By Other Voices voices@moviecitynews.com
AFI Movie Reviews
Paul Newman brought a new, casual intelligence to male stardom in the 1950s and ’60s, a sensitive tricksterism versus Brando’s and Dean’s wounded inarticulation; David Thomson wrote that Newman “seems to me an uneasy, self-regarding personality, as if handsomeness had left him guilty.” As Fast Eddie, the talented pool player who lacks the self-esteem, focus and drive to win, Newman’s performance in THE HUSTLER (1961) was his first major critical and popular breakthrough. (It was such an iconic role for the enduring star that he would win his first and only Best Actor Oscar for playing Eddie again in the film’s (AFI no no) 1986 sequel, THE COLOR OF MONEY.) Frequenting dimly lit New York pool halls, captured in moody black-and-white by European cinematographer Eugen Schüfftan (EYES WITHOUT A FACE) and rhythmically edited by Dede Allen (BONNIE AND CLYDE), the film is an absorbing psychological drama that effectively subordinates plot to character exploration. In addition to Newman, the film boasts several other remarkable performances, including the steely George C. Scott as a pitiless gambler and Jackie Gleason as Minnesota Fats, Eddie’s ultimate adversary; both actors were nominated for Oscars for their memorable contributions.

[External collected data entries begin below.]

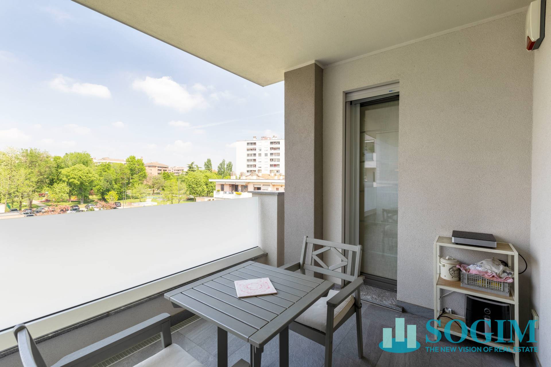 Il terrazzo di generose dimensioni e ideale per pranzi all'aperto o semplicemente per godere della vista aperta sul verde circostante.
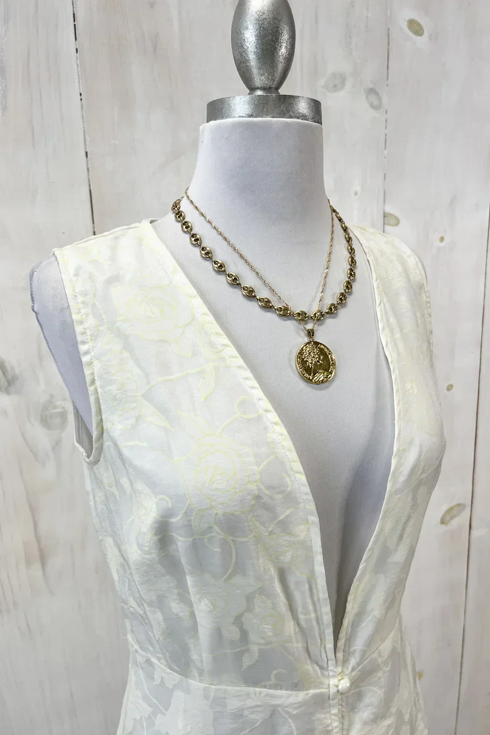 Sleeveless Floral Satin Button Down Front Slit Resort Dress
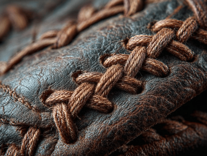 **[产品]** 复古棒球手套缝线,可见单根线材纤维,工匠精度,织物地貌,品质证明,编织图案如抽象艺术,柔和定向光线。
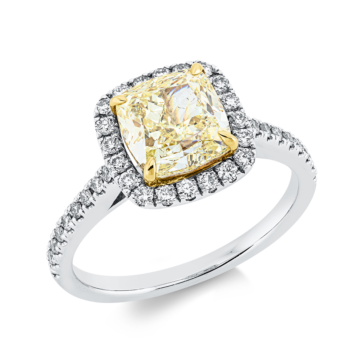Ring 4er-Krappe 950 Pt GP, GIA 5406698330, 1 Cushion 2,50 ct, gelb-vvs, 38 Brillanten 0,35 ct, TW-vsi, Weite:53
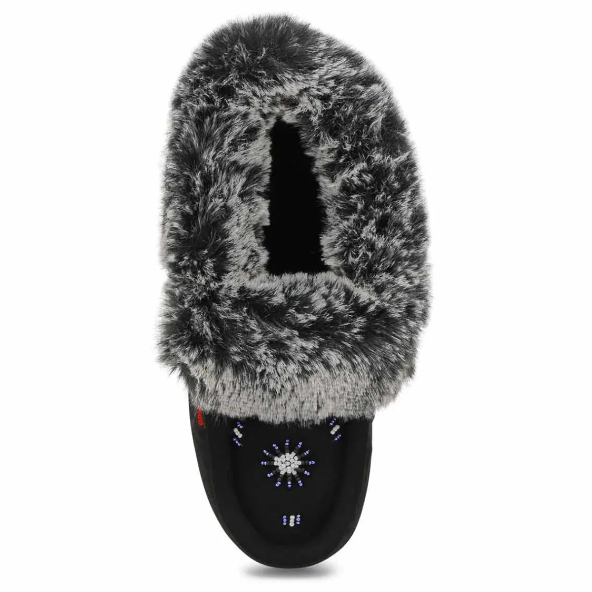 The SoftMoc CUTE 5 V3 black/ grey faux rabbit fur SoftMocs features faux suede upper collared with faux rabbit fur. The Cute 5 V3 is designed with a new and improved combination latex and memory foam insole, giving you superior rebound comfort. New upgraded soft, plush lining surrounds the foot in comfort. The TPR outsole is great for durability. Slight dye transfer may occur during the first few wearings. Style is not made for snow or ice conditions.

Fox has struck a new print of the film for this screening. (USA, 1961, 134 mins) |
|
Charlton Heston may be fondly remembered for his larger-than-life personifications of conquering heroes, but in a few striking examples, such as Sam Peckinpah’s MAJOR DUNDEE (1965) and Orson Welles’s TOUCH OF EVIL (1958)—both of which were severely edited against their directors’ wishes, defended by Heston and partially restored in recent years—he proved he was perfectly willing to tackle material that questioned the limits of power. After the wide acclaim of his second feature, RIDE THE HIGH COUNTRY (1962), Peckinpah envisioned MAJOR DUNDEE as an ambiguous morality play with equal parts John Ford and LAWRENCE OF ARABIA (1962). A Union officer demoted as a prison warden in New Mexico rallies together Confederate prisoners to pursue a marauding Apache in Mexico. With its themes of loyalty, risk and obsession, it seems like a practice run for issues that would preoccupy the director of THE WILD BUNCH (1969) for years to come, and Heston’s iron screen persona deliciously intensifies the film’s ambiguities. After Peckinpah went over budget and was fired, producers cut 20 minutes from the film, and distributors cut another 14. This partial restoration includes 11 minutes unseen for decades and a new score by Christopher Caliendo that’s closer to the filmmaker’s intentions.
(USA, 1965, 134 mins) 35mm |
|
Famously holding the record for the most number of Oscar nominations (nine) that didn’t include Best Picture, Sydney Pollack’s 1969 adaptation of a Depression-era Horace McCoy novel packs a timely punch today in the midst of the financial industry crisis. Jane Fonda plays Gloria, a bitter Dust Bowl evacuee and aspiring actress who enrolls in a Los Angeles dance marathon hoping for fame and fortune. Dance marathons began in the Roaring Twenties but by the time of the Depression attracted masses of unemployed workers and greedy promoters who capitalized on their contestants’ mental and physical exhaustion; marathons could last weeks or months, offering a kind of “reality entertainment” with strict rules that narrowed the survivors. Marathons were symbols of desperate times and a system that treated people like animals. “There can only be one winner, folks,” says one promoter. “But isn’t that the American way?” In films like TOOTSIE (1982) and OUT OF AFRICA (1985), Pollack established a reputation for romanticism, but this earlier effort offers a hard-edged allegory. He claustrophobically traps the viewer within the dance hall, achieving a heightened sense of terror with long tracking shots and handheld cameras.